# ADA Aquasoil problems



## Chizpa305

Hi I set up a new tank half a month ago with the aquasoil substrate and the power sand. I have been making regular water changes as was indicated here. Now there are two problems with the water:

Number one the water tends to take a pale yellow coloration like tea. (I have seen many other people with this problem too, so it doesn't bothers me much)

Nuber two, many bubbles appear on the surface of the water even after a few hours after water change. These bubbles are like those formed in fermentation. (I don't have anything in the tank except for the substrate with some foreground plants only; no fish or any other thing)

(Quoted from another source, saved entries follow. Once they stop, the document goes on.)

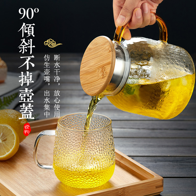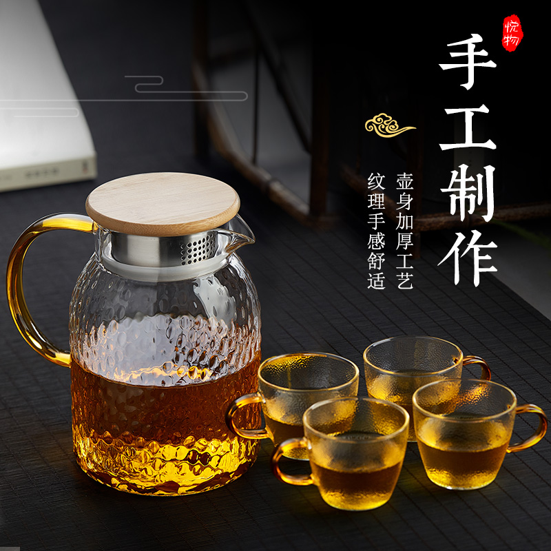 Yuewu glass teapot set large-capacity household glass kettle tea maker high temperature resistant large hammer pattern teapot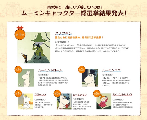 ワタベウェディング株式会社【本社:京都府京都市、資本金41億7,637万2,000円、東証第一部上場、代表取締役 花房伸晃】は、映画「劇場版ムーミン 南の海で楽しいバカンス」(2月13日より全国にて公開中)の公開を記念し、ムーミン一家が旅するリゾート地にちなんで、「南の海で一緒に“リゾ婚”(リゾートウェディング)をしたいムーミンに登場するキャラクター総選挙」を行いました(2015年2月12日~2月23日実施、有効回答数101名)。以下に結果をご報告いたします。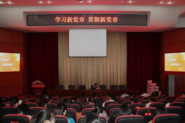 左玉辉书记从学习贯彻党章的重大意义、党章的基本内容、贯彻落实党章的基本要求等方面入手,结合学校工作实际,为全体党员讲解了学习党章的现实意义,共产党员的义务与权利,尤其是坚定共产党党员崇高信仰的问题。她指出:“人要有信仰,没有信仰的生命就没有灵魂。”“信仰指人们对某种主张或主义的高度相信和尊敬,并拿来作为自己行动的准则与指南,所以它是一种精神纽带,是一个组织或阶层、一个社会或国家的成员团结奋进的精神基础和精神动力。”她以音乐家冼星海、护理专家黎秀芳、“傻子”工人郭明义等共产党人的先进事迹为例,阐明了信仰使人的整个精神活动以它为核心,形成一个完整的精神导向,并调动各种精神因素为它服务。最后,她要求全体党员:认真贯彻落实新党章,充分发挥共产党员先锋模范作用,争创一流业绩,争当优秀共产党员。

If you have any knowledge about what might be causing this, please let me know what it is and what can I do to eliminate the problem. I could post some pictures latter so that you can see how it looks like.
Thanks.


----------



## Tex Gal

Was your ADA AquaSoil new? Do the bubbles carry any smell? The bubbles could just be from your water change. There can be alot of gas in our tap water. That's why the tank looks like it's pearling after a water change.

ADA A.S. has peat in it. At least the Amazonia does. That is why your water looks pale yellow. That will stop. You can insert some activated charcoal into your filter and it will clear it out.


----------



## Chizpa305

I don't think its the water change is causing this because before I had the same tank with a different set up (gravel as substrate) and when i did the water changes that didn't happen. 

My aquasoil substrate is new. I'm trying it out after reading some nice comments about it. I'm using the regular amazonia type. Here is a picture of how it looks now, but Normally it is far worse.


----------



## Tex Gal

I think your tank is just settling in. The bubbles will stop as your bio filter gets established. You can also stuff it with plants. That will go a long way to taking up all extra ammonia.


----------



## Bunbuku

Chizpa305 said:


> I don't think its the water change is causing this because before I had the same tank with a different set up (gravel as substrate) and when i did the water changes that didn't happen.
> 
> My aquasoil substrate is new. I'm trying it out after reading some nice comments about it. I'm using the regular amazonia type. Here is a picture of how it looks now, but Normally it is far worse.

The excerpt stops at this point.